Leaving the pictures aside, reproduce the data in full and word for word.

[Provided data Boundary: Start]

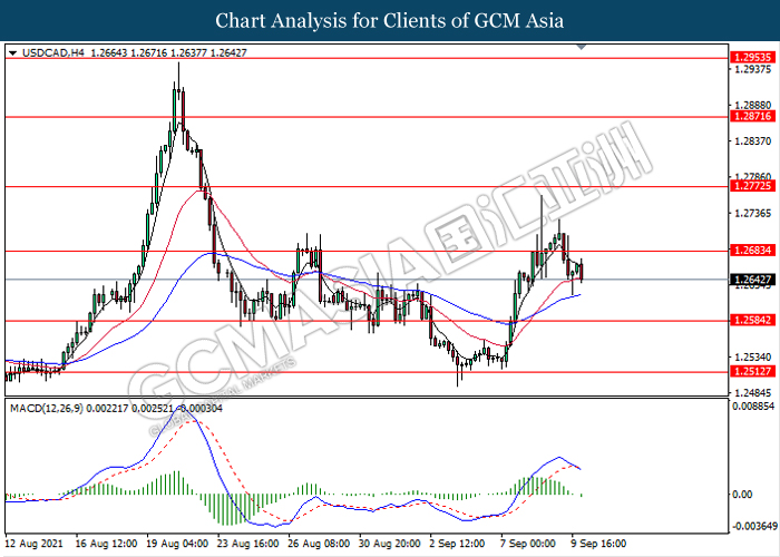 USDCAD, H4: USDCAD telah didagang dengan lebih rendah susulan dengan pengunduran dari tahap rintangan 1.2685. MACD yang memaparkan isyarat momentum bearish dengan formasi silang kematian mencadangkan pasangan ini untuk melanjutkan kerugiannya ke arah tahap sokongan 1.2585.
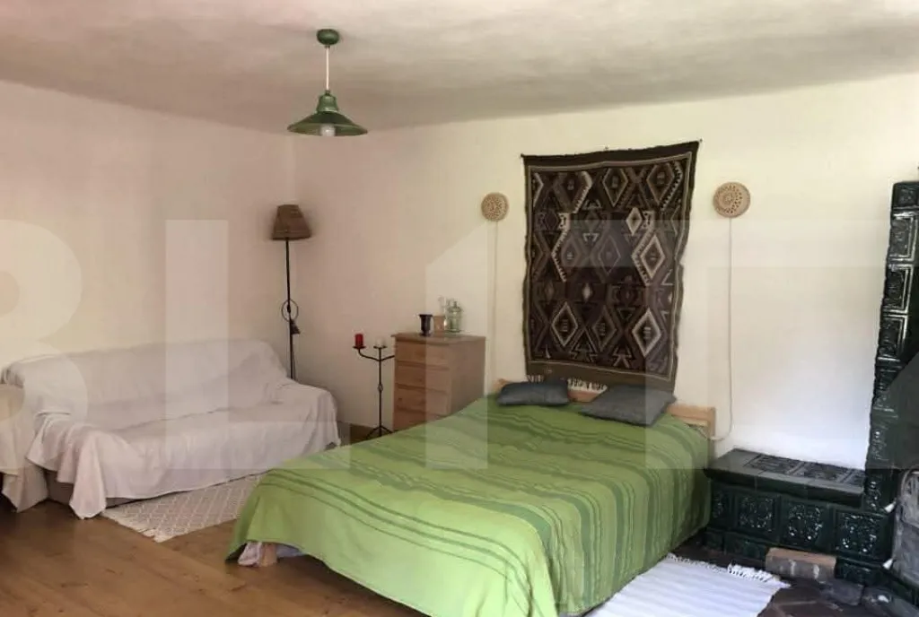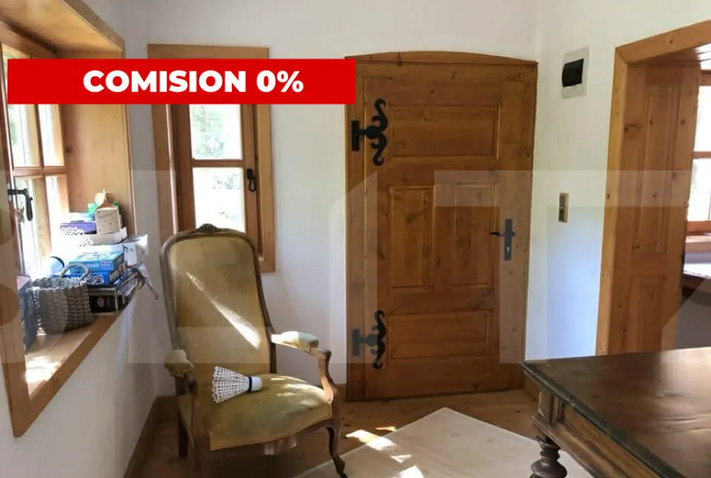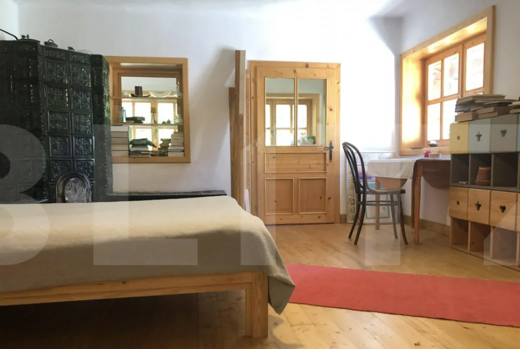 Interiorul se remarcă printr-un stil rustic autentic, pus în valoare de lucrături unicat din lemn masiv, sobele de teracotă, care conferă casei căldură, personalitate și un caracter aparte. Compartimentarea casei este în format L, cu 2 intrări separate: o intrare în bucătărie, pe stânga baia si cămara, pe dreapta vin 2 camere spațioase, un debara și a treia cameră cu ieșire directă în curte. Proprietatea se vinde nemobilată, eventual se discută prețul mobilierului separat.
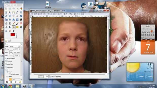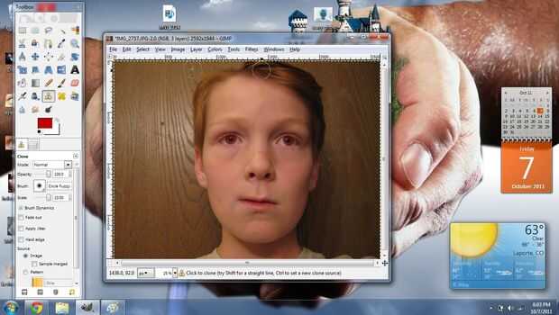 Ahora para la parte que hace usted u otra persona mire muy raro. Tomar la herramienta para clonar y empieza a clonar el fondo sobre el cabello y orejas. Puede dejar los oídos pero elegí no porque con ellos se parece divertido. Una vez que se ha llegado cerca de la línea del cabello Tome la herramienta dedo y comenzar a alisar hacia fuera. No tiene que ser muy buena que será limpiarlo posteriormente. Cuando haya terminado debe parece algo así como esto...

[Provided data Boundary: End]

#### Response box
 USDCAD, H4: USDCAD telah didagang dengan lebih rendah susulan dengan pengunduran dari tahap rintangan 1.2685. MACD yang memaparkan isyarat momentum bearish dengan formasi silang kematian mencadangkan pasangan ini untuk melanjutkan kerugiannya ke arah tahap sokongan 1.2585.
 Interiorul se remarcă printr-un stil rustic autentic, pus în valoare de lucrături unicat din lemn masiv, sobele de teracotă, care conferă casei căldură, personalitate și un caracter aparte. Compartimentarea casei este în format L, cu 2 intrări separate: o intrare în bucătărie, pe stânga baia si cămara, pe dreapta vin 2 camere spațioase, un debara și a treia cameră cu ieșire directă în curte. Proprietatea se vinde nemobilată, eventual se discută prețul mobilierului separat.
 Ahora para la parte que hace usted u otra persona mire muy raro. Tomar la herramienta para clonar y empieza a clonar el fondo sobre el cabello y orejas. Puede dejar los oídos pero elegí no porque con ellos se parece divertido. Una vez que se ha llegado cerca de la línea del cabello Tome la herramienta dedo y comenzar a alisar hacia fuera. No tiene que ser muy buena que será limpiarlo posteriormente. Cuando haya terminado debe parece algo así como esto...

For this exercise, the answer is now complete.